EXERCISE OBJECTIVE |
Print the listing below exactly, minus its pictures.

MATERIAL PROVIDED |
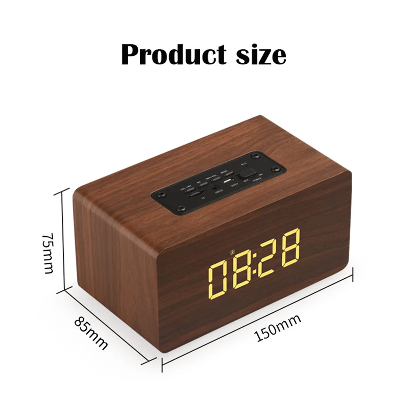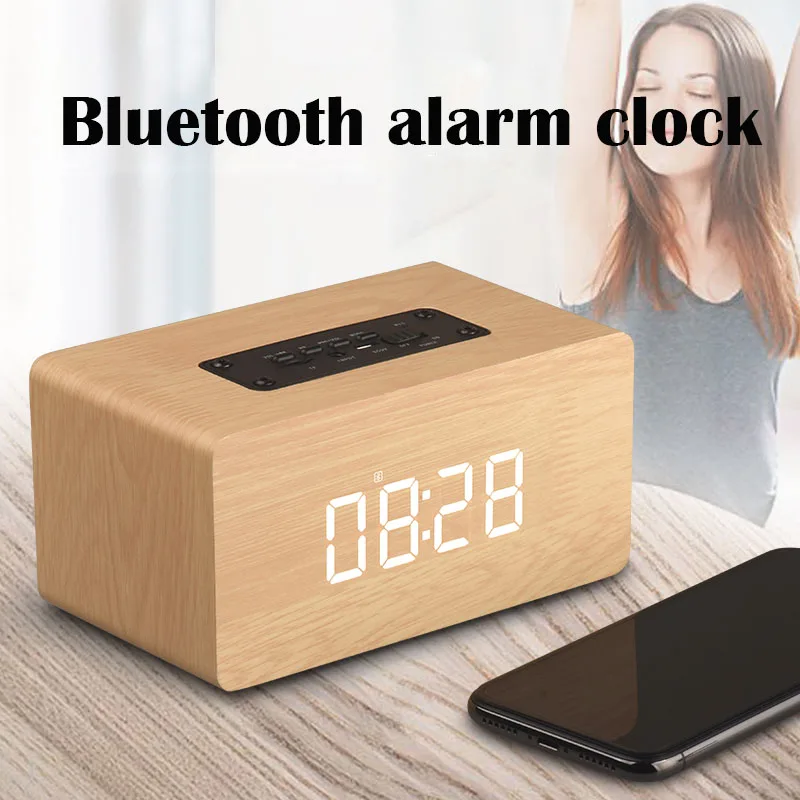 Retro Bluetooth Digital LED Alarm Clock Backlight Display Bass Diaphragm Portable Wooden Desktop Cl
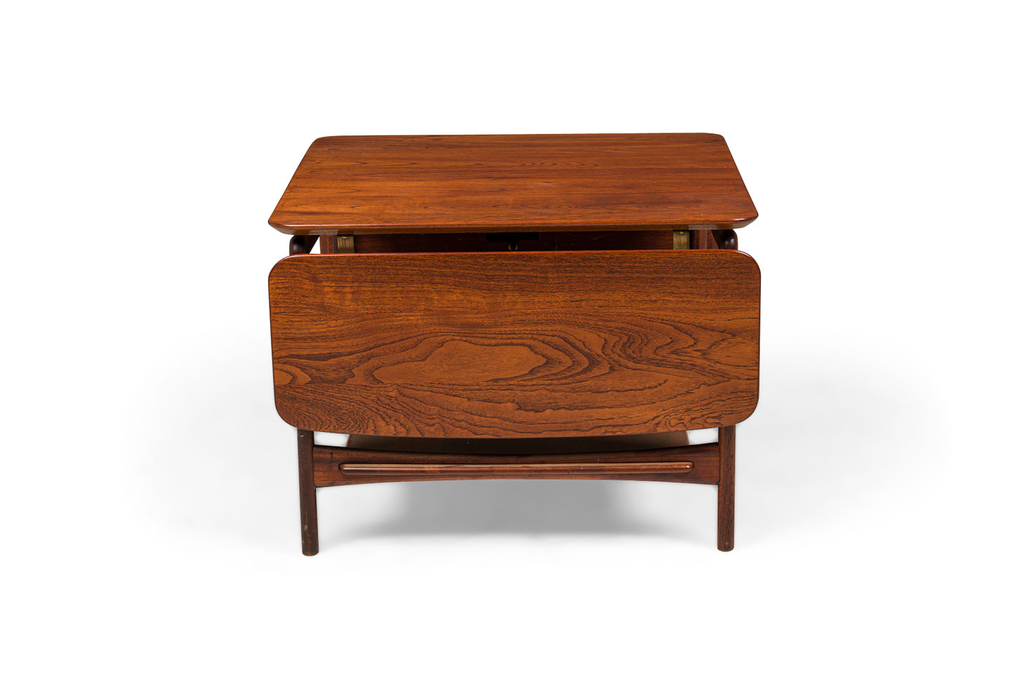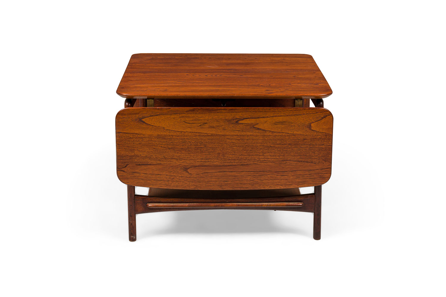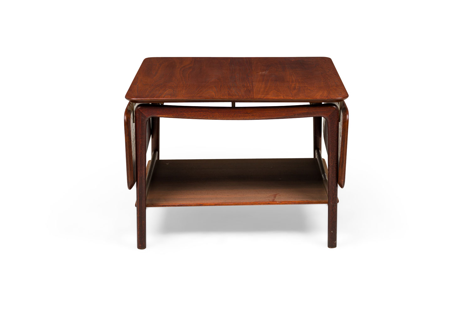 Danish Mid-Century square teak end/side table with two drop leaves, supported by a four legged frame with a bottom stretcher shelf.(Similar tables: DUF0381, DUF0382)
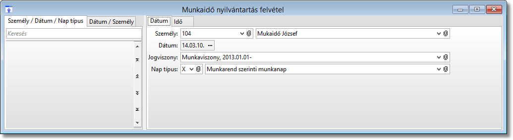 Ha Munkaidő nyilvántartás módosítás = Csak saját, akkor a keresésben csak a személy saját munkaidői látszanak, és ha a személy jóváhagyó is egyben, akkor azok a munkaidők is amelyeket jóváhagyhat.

RESULT OF THIS TASK |
 Retro Bluetooth Digital LED Alarm Clock Backlight Display Bass Diaphragm Portable Wooden Desktop Cl
 Danish Mid-Century square teak end/side table with two drop leaves, supported by a four legged frame with a bottom stretcher shelf.(Similar tables: DUF0381, DUF0382)
 Ha Munkaidő nyilvántartás módosítás = Csak saját, akkor a keresésben csak a személy saját munkaidői látszanak, és ha a személy jóváhagyó is egyben, akkor azok a munkaidők is amelyeket jóváhagyhat.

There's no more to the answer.